The Hoover Dam, however, not only stands as an exemplary engineering feat. It also represents a stunning financial accomplishment. Congress approved the project during the Great Depression, resulting in thousands of jobs that helped pull the American economy from disaster. $49 million was spent on the construction project. The Hoover Dam’s location 30 miles southeast of Las Vegas on the Nevada-Arizona border had been scouted for several years. While the Hoover Dam’s location made it possible to prevent devastating floods and produce a significant amount of hydropower, it was very difficult for builders to bring the required materials and equipment so deep into the desert.
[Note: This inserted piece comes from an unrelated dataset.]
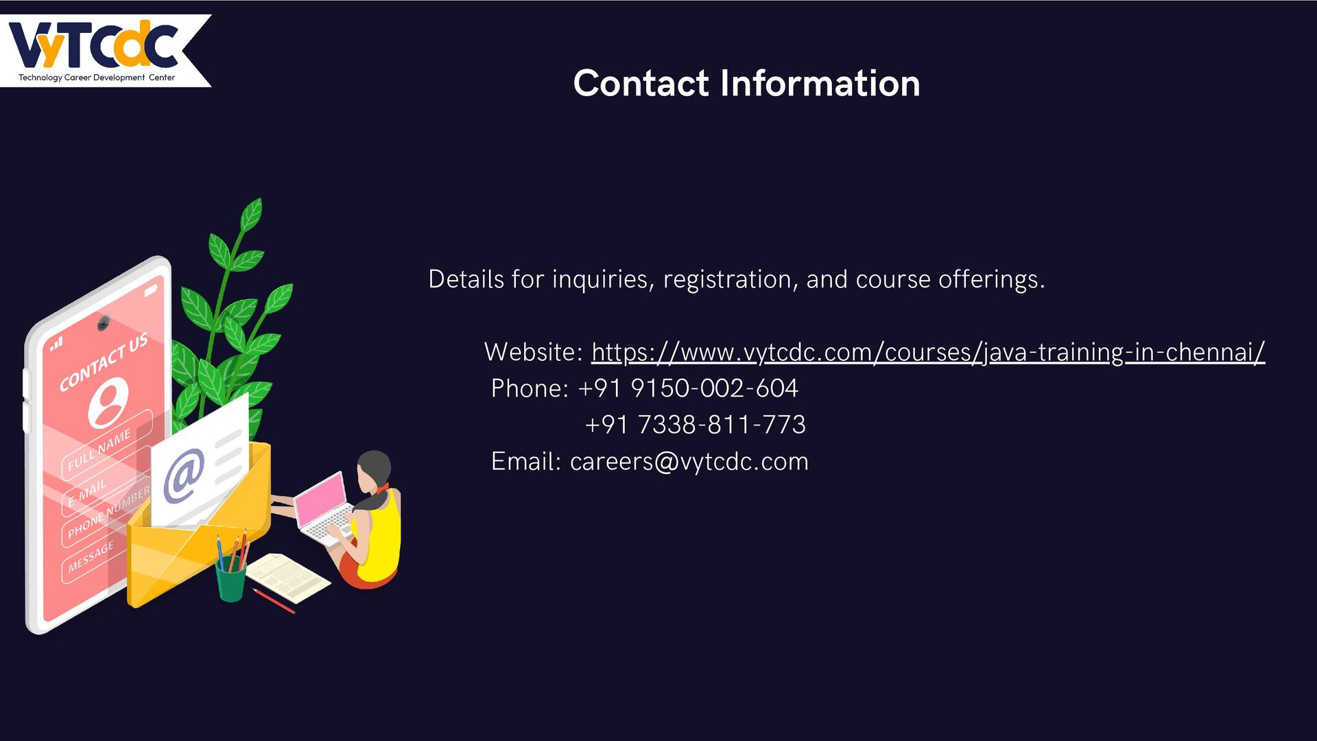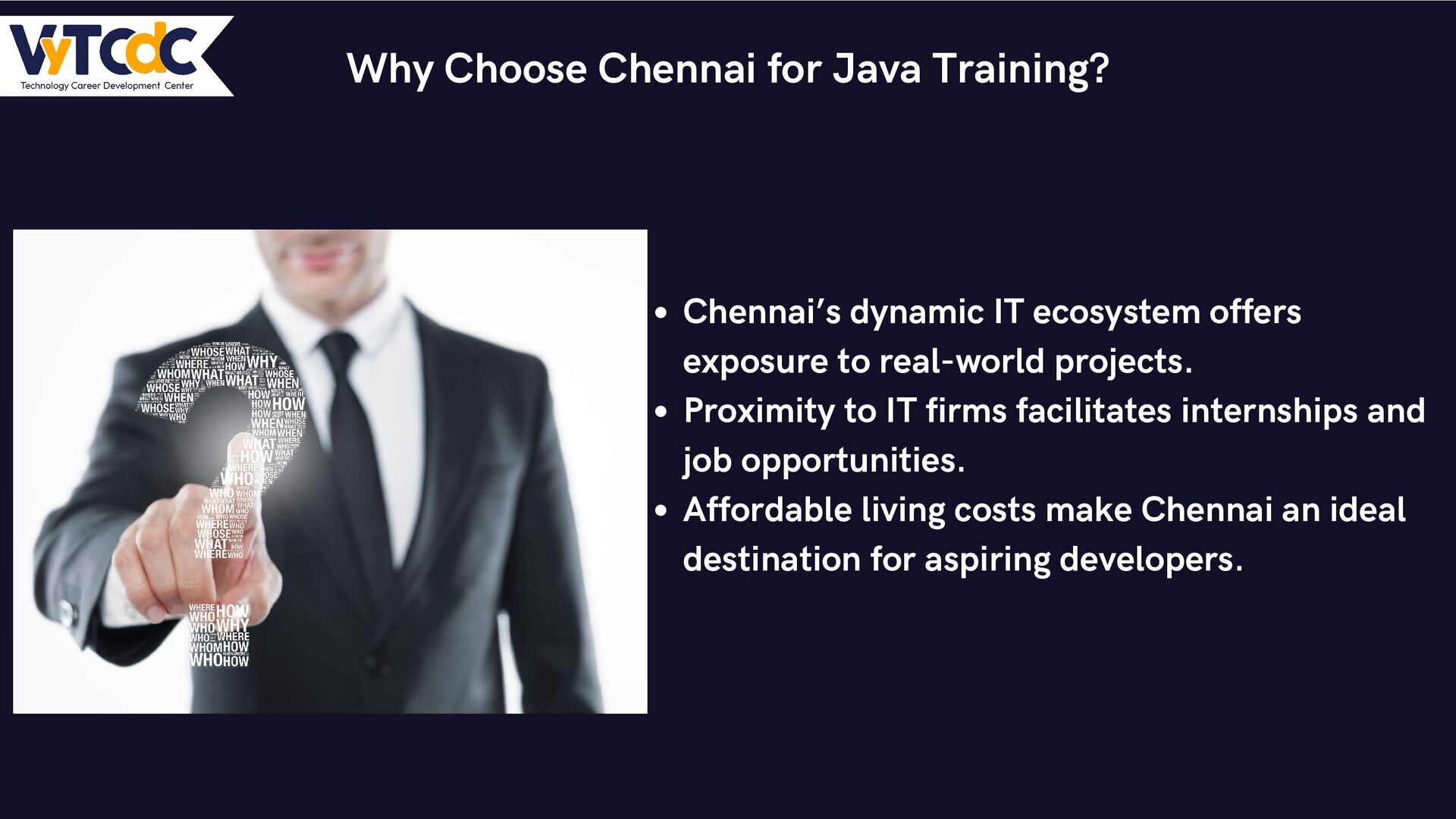 Excel in Java development with VyTCDC's Java training in Chennai. Our program equips you with the necessary skills and knowledge to thrive in various job roles in the software development industry.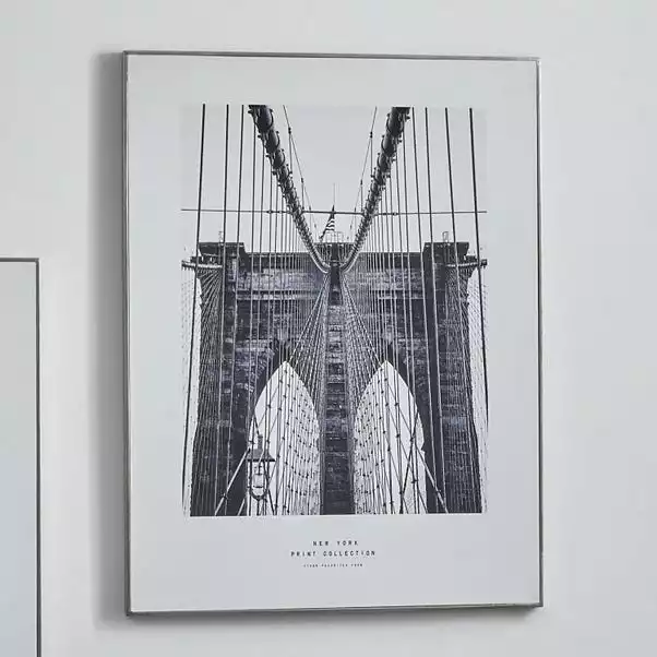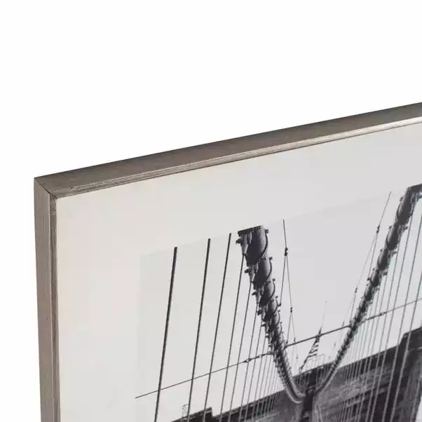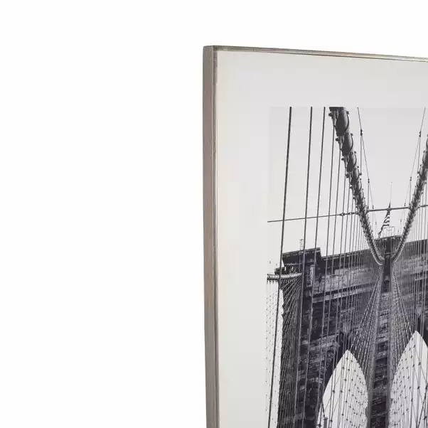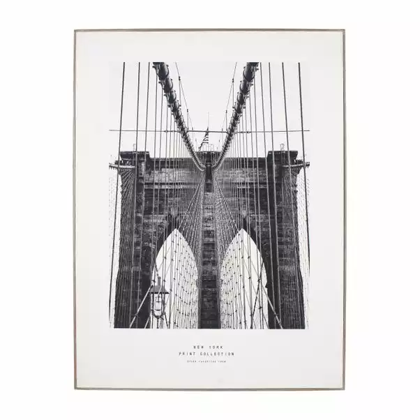 Fill your walls with wonder, curiosity and travel with the Mono New York Canvas Print. This minimalist print features an architectural shot of the New York Brooklyn Bridge in a monochrome colourway to expose its great details. Perfect for evoking fond memories, prompting travel or simply filling a blank space with a stylish print, this artwork is perfect for discretely adding décor to a space without appearing too invasive or distracting.

On average, the Hoover Dam produces about 4.2 terawatt hours per year and provides water to approximately 8 million people living in California, Nevada, and Arizona.
A more advanced system of flood control is the construction of coordinated dams and reservoirs. The Hoover Dam on the Colorado and the Aswan High Dam on the Nile are two of the most famous. During periods of normal flow, the dams operate merely as hydroelectric power stations. When flooding occurs, the dam slows down the flow. On May 31, 1889, the South Fork Dam in Johnstown, Pennsylvania, broke after a period of heavy rain, sending a wall of water half a mile wide and 75 feet high towards the town, killing 2209 people.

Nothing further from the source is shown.